### AVAILABLE DATA
★ ★ ★ ★
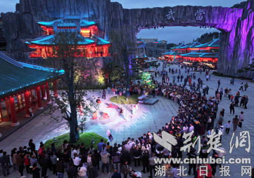 同時,以傳統宮觀道樂為魂,兼顧舞臺藝術的動靜之美,舞蹈、武術、背景視頻與音樂相輔相成的“太和之韻”火紅出圈;集閱讀空間、文化活動、主題茶室、5D影院、天幕帳篷、戶外露營、駐場樂隊表演等多元業態的“太和書院”火熱一片;《武當尋夢》沉浸式夜游景區以19處創意景點引導游客尋仙問道,國慶期間吸引游客11萬人次。
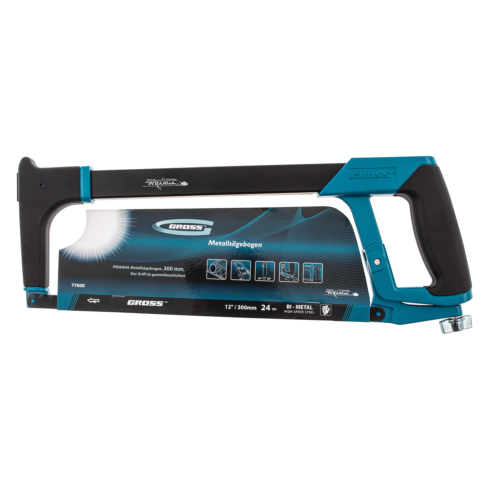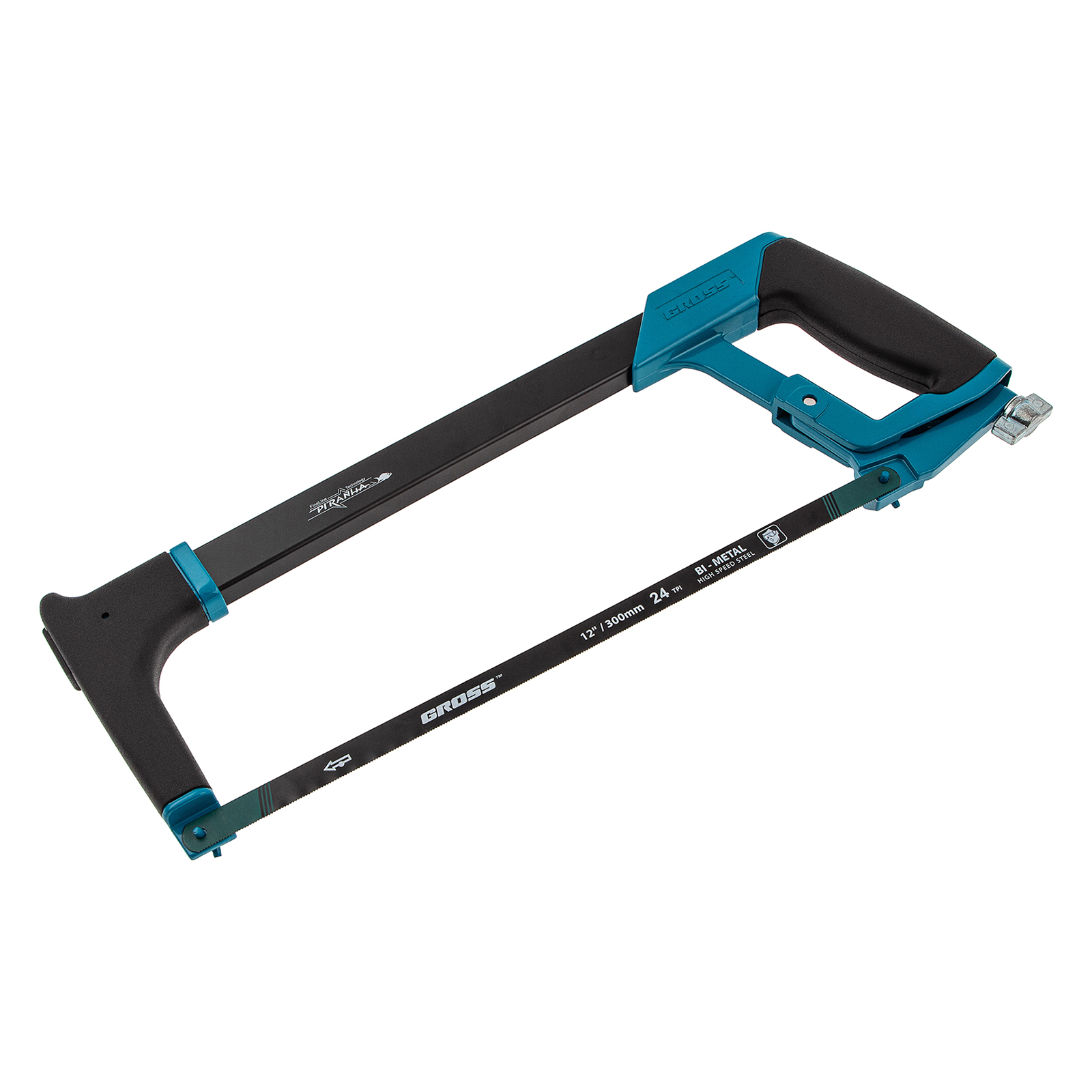 Ножовка Gross «PIRANHA» 77600 длиной 300 мм, с обрезиненной рукояткой и захватом, используется для работ по металлу. Рез получается точным и аккуратным за счет рычажно-винтового механизма, обеспечивающего оптимальную силу натяжения полотна. Конструкция рамки инструмента позволяет устанавливать полотна под углом 45 и 90 градусов, что расширяет спектр выполняемых работ.
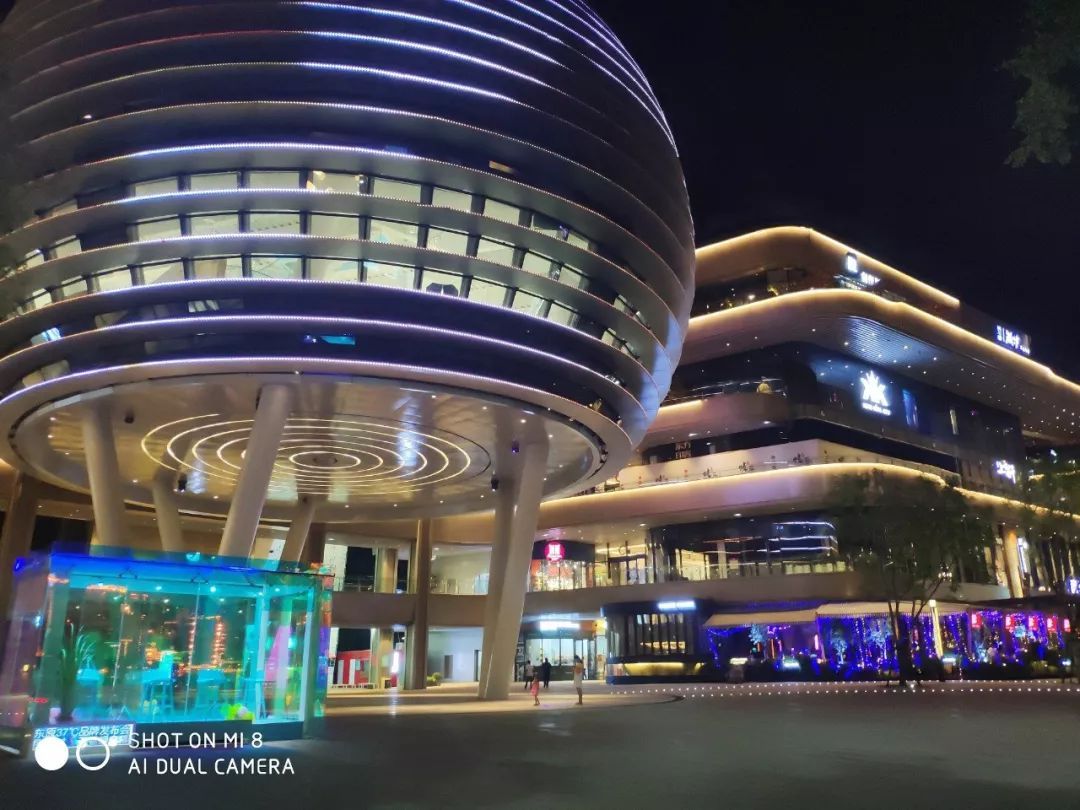 但是小米8也有表现更好的地方,比如右边楼房顶层的霓虹灯,能清晰看到“创作”二字,荣耀10则是一片亮斑,灯带也比较模糊。
★ ★ ★ ★
### TASK PROMPT
Copy out all the data above exactly as written. Skip the pictures.

### WRITTEN REPLY
 同時,以傳統宮觀道樂為魂,兼顧舞臺藝術的動靜之美,舞蹈、武術、背景視頻與音樂相輔相成的“太和之韻”火紅出圈;集閱讀空間、文化活動、主題茶室、5D影院、天幕帳篷、戶外露營、駐場樂隊表演等多元業態的“太和書院”火熱一片;《武當尋夢》沉浸式夜游景區以19處創意景點引導游客尋仙問道,國慶期間吸引游客11萬人次。
 Ножовка Gross «PIRANHA» 77600 длиной 300 мм, с обрезиненной рукояткой и захватом, используется для работ по металлу. Рез получается точным и аккуратным за счет рычажно-винтового механизма, обеспечивающего оптимальную силу натяжения полотна. Конструкция рамки инструмента позволяет устанавливать полотна под углом 45 и 90 градусов, что расширяет спектр выполняемых работ.
 但是小米8也有表现更好的地方,比如右边楼房顶层的霓虹灯,能清晰看到“创作”二字,荣耀10则是一片亮斑,灯带也比较模糊。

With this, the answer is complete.